The free end 65 of each arm 64 carries a re-entrant (with respect to the curvature of the bar) plug in the form of a rod 68 (see figure 9) which extends from the end of the arm 64 remote from the pivot 66, generally in the direction of the pivot 66 but forming an acute angle with the arm 64 to which it is attached. Towards the free end of the rod 68, there is provided a circumferential detent 72, having an obtuse-angled, V-shaped cross-section.

Returning to figure 1,2 and 7A, each side of the outer shell 12 of the respirator is provided, adjacent the temple region thereof, with a respective socket in the form of a channel 70 extending in a generaiiy fore-afi : direction, in the embodiment shown, the channels 70 are provided on visor pivot covers 17 of the respirator slightly above and to the rear of pivots provided for the visor 16 itself.

In this way, the screen 63 and the visor 16 may be raised together, or the screen 63 may be raised independently of the visor 16 whilst the respirator is being worn.

With reference to figures 7A, 10 and 11, each channel 70 is adapted to receive one of the rods 68 and to retain it by means of the detent 72 which engages with corresponding retaining structure 74 in the channel 70, such that a screen 60 depending from the bar 62 may be rotated from a lowered position (as shown in figure 7B), in which it is disposed in front of the wearer's face, to a raised position, in which the bar 62 extends generally across the top of the respirator

and the screen 60 extends generally forwards and does not obstruct the wearer's view (a detail of which position is shown in figure 12).

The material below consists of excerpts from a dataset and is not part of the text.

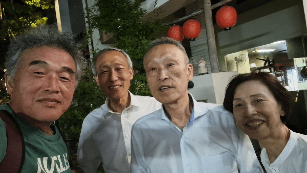 38. We talked a lot during the evening fellowship. Especially the story of having an audience with the Dalai Lama. And we also discussed our future plans. A commemorative photo with them. The t-shirt I am wearing is a gift from Ishioka-san who walked with me the day before.
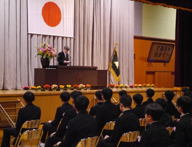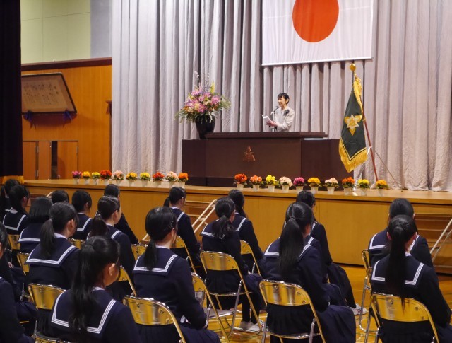 校長先生の式辞、奨学会会長様の祝辞の様子です。
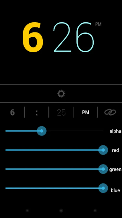 Hours, minutes, the colon separator (:), and am/pm text can all be set to different colors. For example, the clock can be set to only show the hour and minute (one of my favorite settings) by turning the alpha of the colon and am/pm text all the way down.
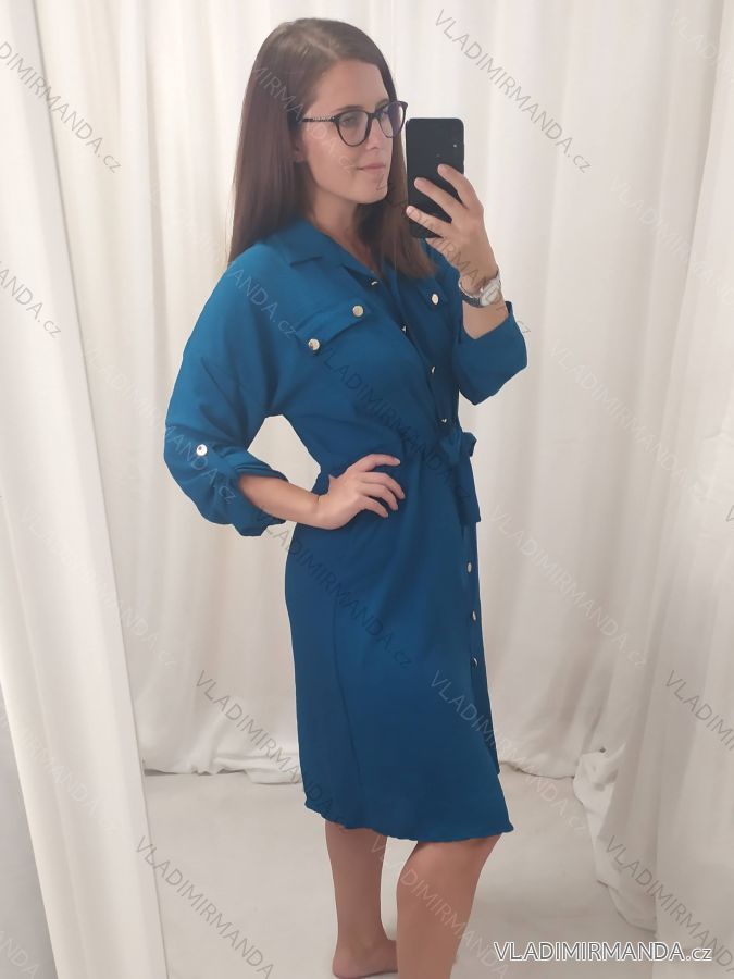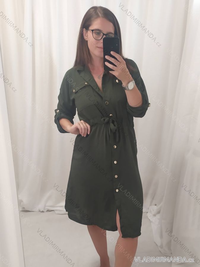 Šaty košilové dlouhý rukáv dámské (M/L/XL ONE SIZE) ITALSKÁ MÓDA IMWG22496

With the screen bar (and attached screen) of this embodiment is fixed to the respirator, the wearer may raise and lower the screen whilst the helmet is being worn.

While this embodiment has been described with reference to its application to a respirator, it is equally applicable to other types of helmets not having a respirator function.

Each feature disclosed in this specification (which term includes the claims) and/or shown in the drawings may be incorporated in the invention independently of other disclosed and/or illustrated features.